PROBLEM — What is printed must match, line for line, the records from their first line through the line containing "Elevate every design: Create", with pictures left out.

Segment Open

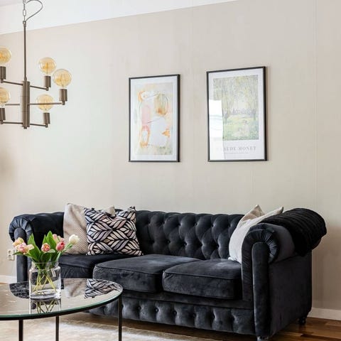 Jättefin howardsoffa i sammet i bra skick. 4sitsig soffa som är skön och elegant.
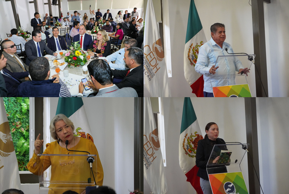A nombre estrictamente personal, y en calidad de ciudadano, intervino el maestro Elio Núñez, catedrático jubilado, quien aplaudió los avances que ha tenido el organismo durante la presidencia de Tinoco Álvarez, mismo que, dijo, ha fortalecido la defensa de los derechos y de la dignidad del ser humano, lo que sin duda contribuye a la consolidación de un estado de paz.
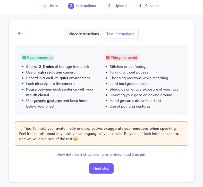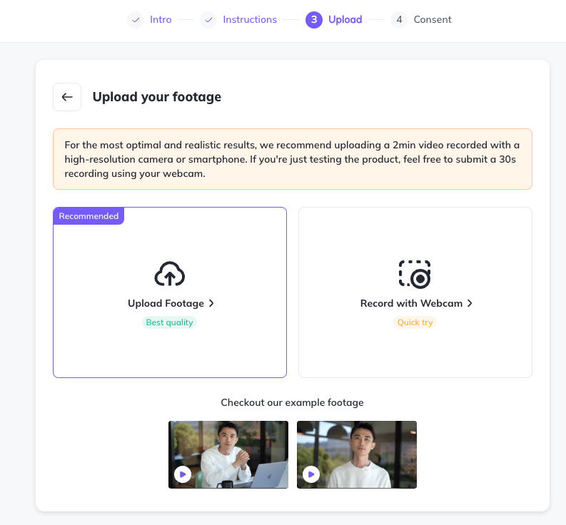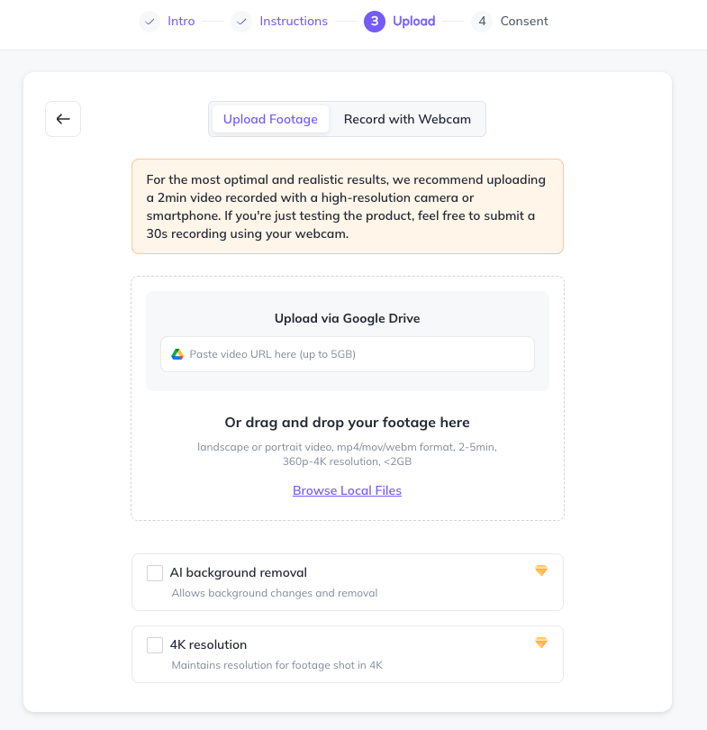 最適でリアルな結果を得るためには、高解像度のカメラやスマートフォンで録画した2分間のビデオをアップロードすることをお勧めします。製品を試すだけなら、ウェブカメラを使用して30秒間の録画を提出しても構いません。
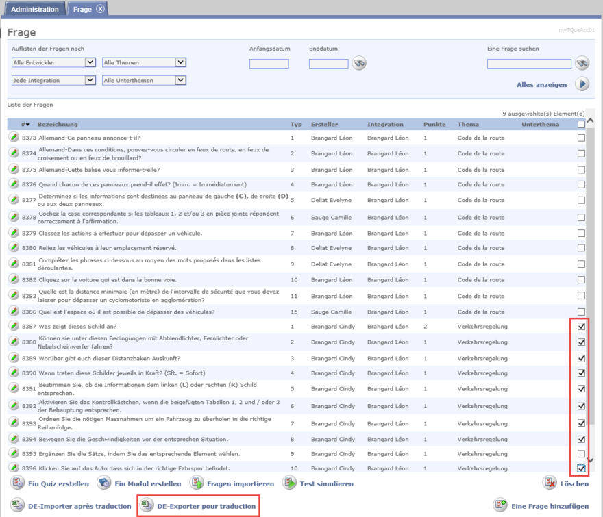 Wählen Sie die gewünschten Fragen und klicken Sie auf Für Übersetzung exportieren.
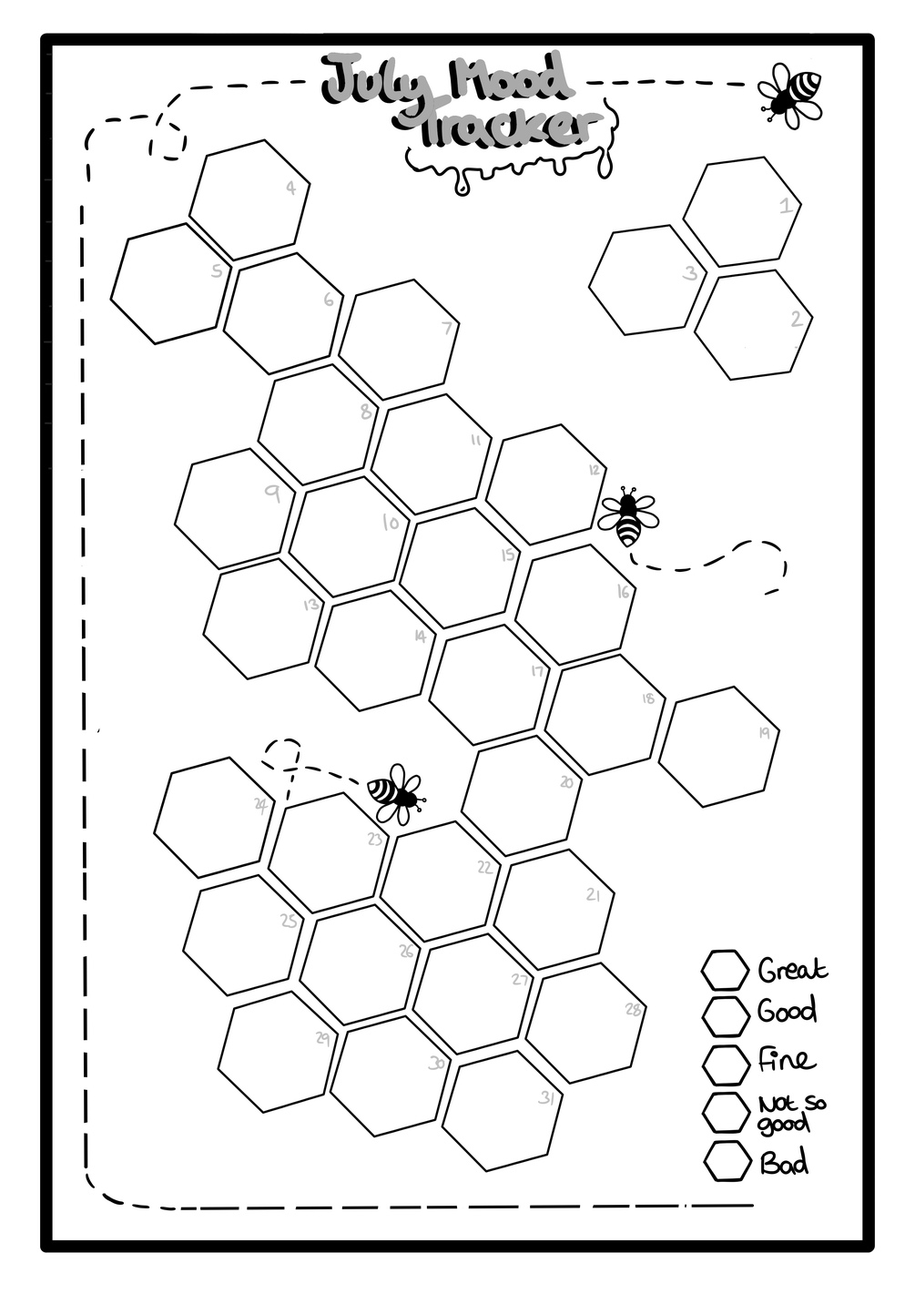 A print and colour mood tracker for the month of July to keep track of your daily mood. Comes with the text below or the option to add your own as well as a PSD to colour digitally if you prefer!
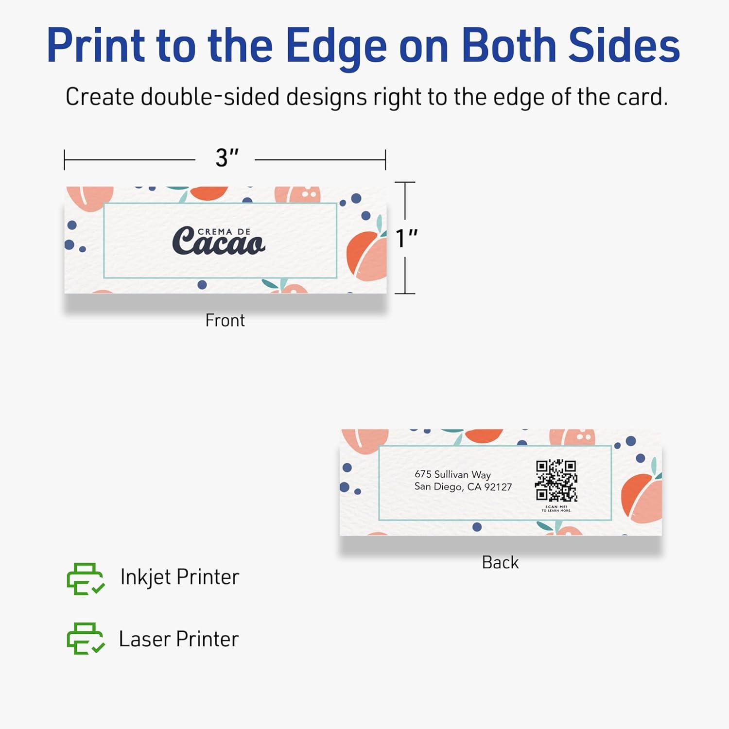Elevate every design: Create next-level thank you cards, RSVP cards, coupon cards, and more with full-color printing on both sides that extend to the edges of each blank business card
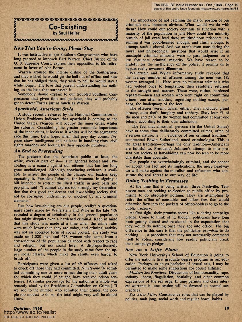 OCTOBER 1968 CONTENTS: Page 01: POPE PAUL PRICKS PROPHYLACTICS -- Page 02: NO, VIRGINIA by Alan Whitney -- Page 03: EDITORIAL GIGGIES -- Page 04: INTERRACIAL MARRIAGE by rodrigues -- Page 05: MAILER, McLUHAN AND MUGGERIDGE: ON OBSCENITY -- Page 06 -- Page 07 -- Page 08 -- Page 09 -- Page 10 -- Page 11 -- Page 12 -- Page 13: ED FISHER'S PAGE -- Page 14: WHAT ARE WE GOING TO DO ABOUT PORNOGRAPHY by Paul Hoffman and by Don Baumgart -- Page 15 -- Page 16: A PAIR BY PUECHNER (two pieces by Ray Puechner) -- Page 17: Two cartoons by Mort Gerberg -- Page 18: A HARD DAY'S NIGHT -- Page 19: CO-EXISTING by Saul Heller -- Page 20 -- Page 21: REPORTER AT SMALL by Robert Wolf -- Page 22 -- Page 23: IF YOU TURN ON DON'T DRIVE by Mort Gerberg -- Back Cover: THE POLICE BRUTALITY MANUAL by John Francis Putnam
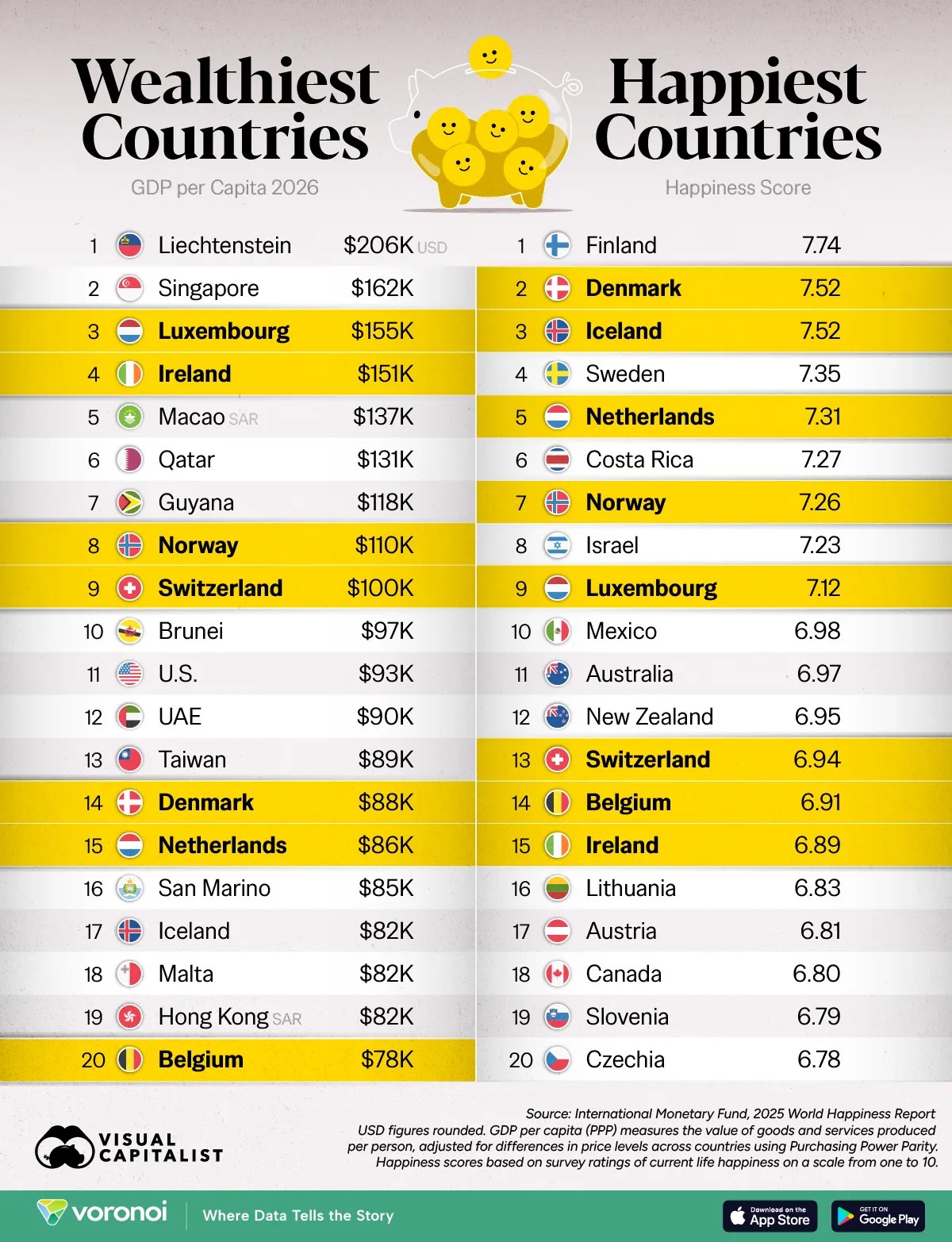Ranked: The World’s Richest Countries vs. the Happiest Countries, Visual Capitalist
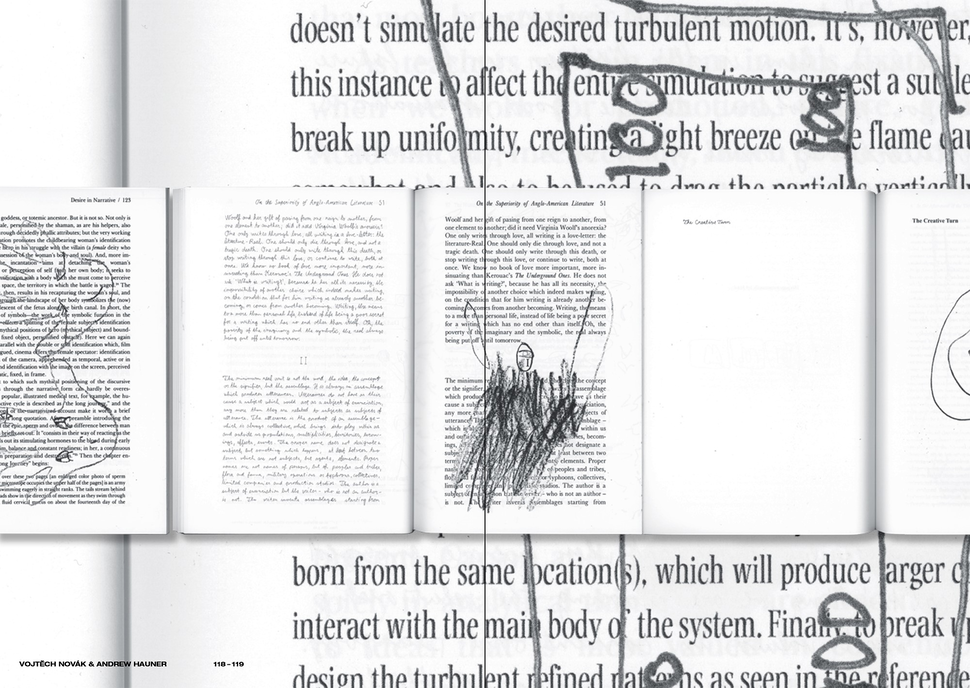 The large-format book Samizdat Contrefaçon recycles and illuminates pages from illegally downloaded and selectively data-mined academic publications whose titles form the cover of the book, a list of bibliographic entries. As is often the case with fakes, what is at stake is rendering accessible the restricted, which in this case is the academic publication in its material or commodity form. In parasitizing otherwise interesting theoretical references, two techniques that view the page as ready-made have been employed: manually transcribing the academic language and using a facsimile of the original page as a backdrop for visuality evocative of creative crisis. Manually transcribing what has already been digitized is a procedure that is anachronic, regressive and above all time-consuming. What has become an aid in counterfeiting e-books is the HD television, used as a lightbox scriptorium table. The drawings created by children, which semantically interact with the pages and yet simultaneously censor them, address contemporary screen-based consumption. Artistic treatment of academic quotation here makes it possible for the academic text to be literate in relational and multiplicative ways.
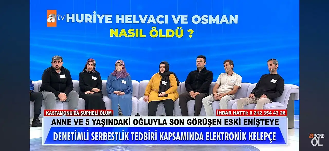 Kastamonu'nun Bozkurt ilçesinde kaybolduktan 10 gün sonra cansız bedenlerine ulaşılan Huriye Helvacı ile 5 yaşındaki oğlu Osman Helvacı nın ölümü, Müge Anlı ile Tatlı Sert programında detaylı şekilde incelenmeye devam ediyor.Olayla bağlantılı olarak adı g
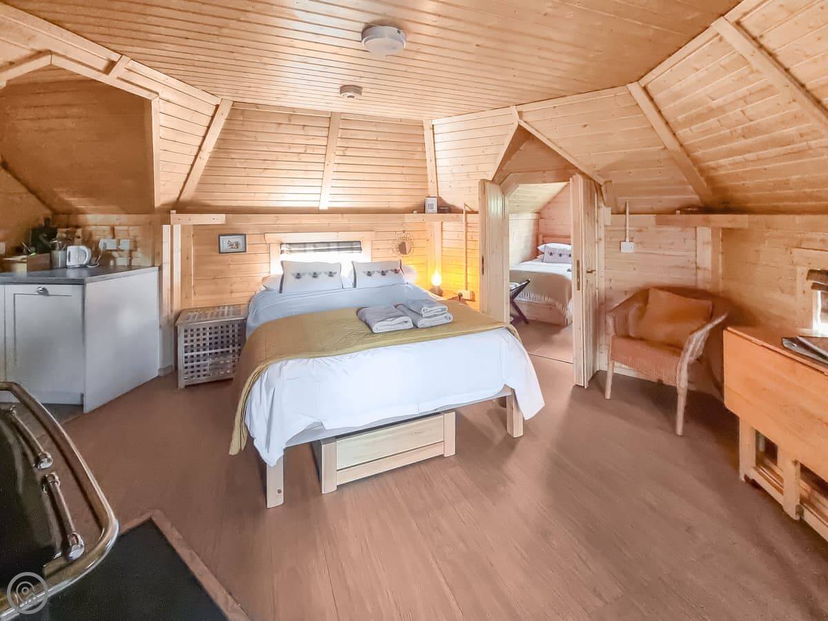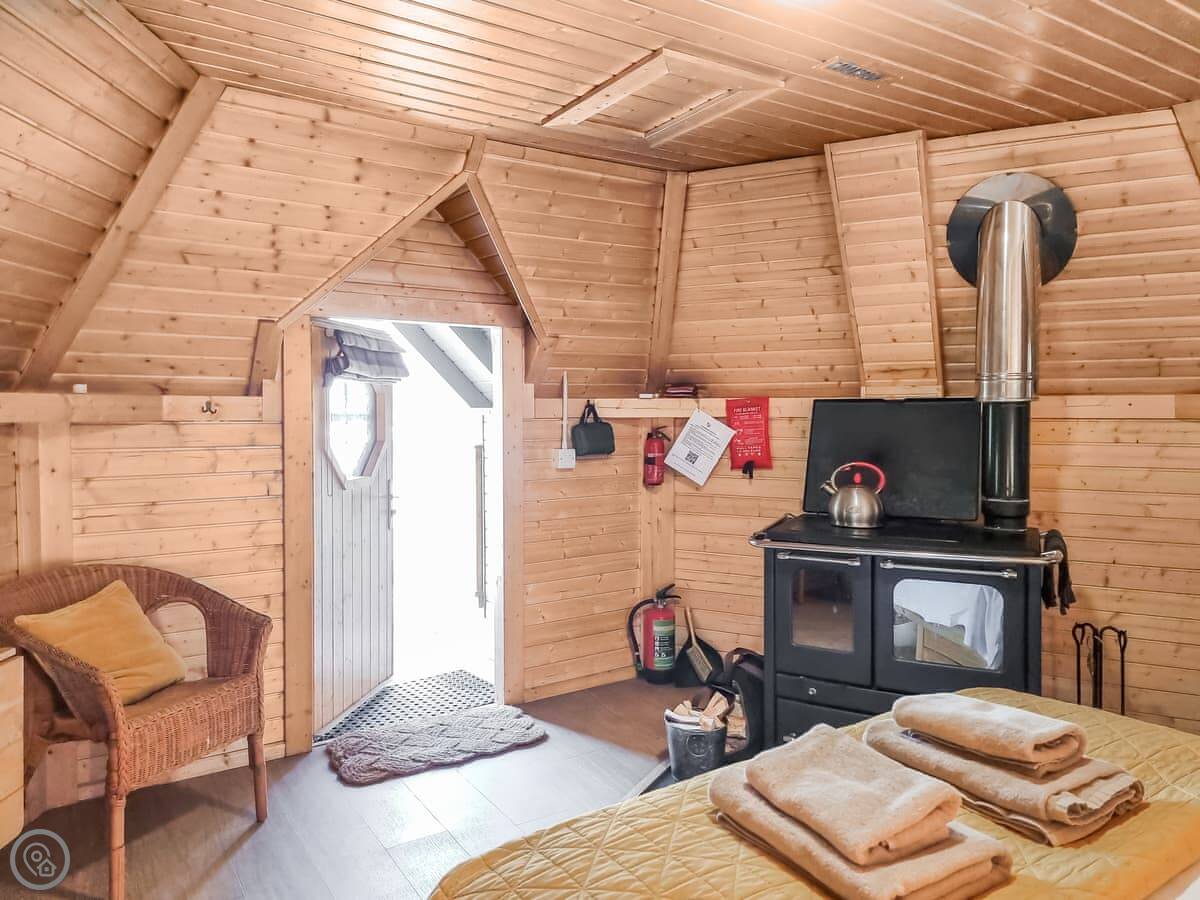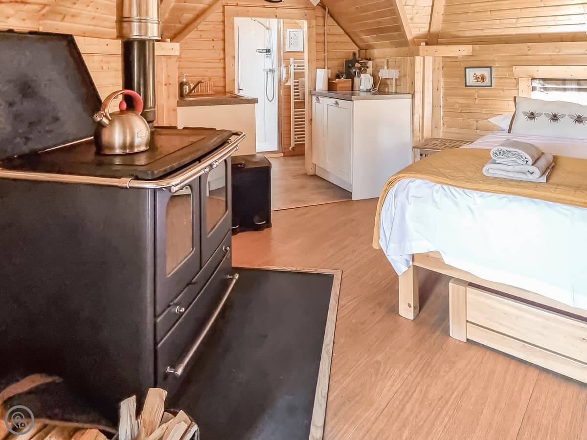 It sleeps two. One bedroom, one bathroom. It's got a 4 Star rating. The main thing is the wood-burning stove. That's your heat and it does make the place very cosy in the evening. There's an indoor shower and toilet, so it's not like the old-fashioned bothies.

Segment Closed

WRITTEN SOLUTION —
 Jättefin howardsoffa i sammet i bra skick. 4sitsig soffa som är skön och elegant.
A nombre estrictamente personal, y en calidad de ciudadano, intervino el maestro Elio Núñez, catedrático jubilado, quien aplaudió los avances que ha tenido el organismo durante la presidencia de Tinoco Álvarez, mismo que, dijo, ha fortalecido la defensa de los derechos y de la dignidad del ser humano, lo que sin duda contribuye a la consolidación de un estado de paz.
 最適でリアルな結果を得るためには、高解像度のカメラやスマートフォンで録画した2分間のビデオをアップロードすることをお勧めします。製品を試すだけなら、ウェブカメラを使用して30秒間の録画を提出しても構いません。
 Wählen Sie die gewünschten Fragen und klicken Sie auf Für Übersetzung exportieren.
 A print and colour mood tracker for the month of July to keep track of your daily mood. Comes with the text below or the option to add your own as well as a PSD to colour digitally if you prefer!
Elevate every design: Create next-level thank you cards, RSVP cards, coupon cards, and more with full-color printing on both sides that extend to the edges of each blank business card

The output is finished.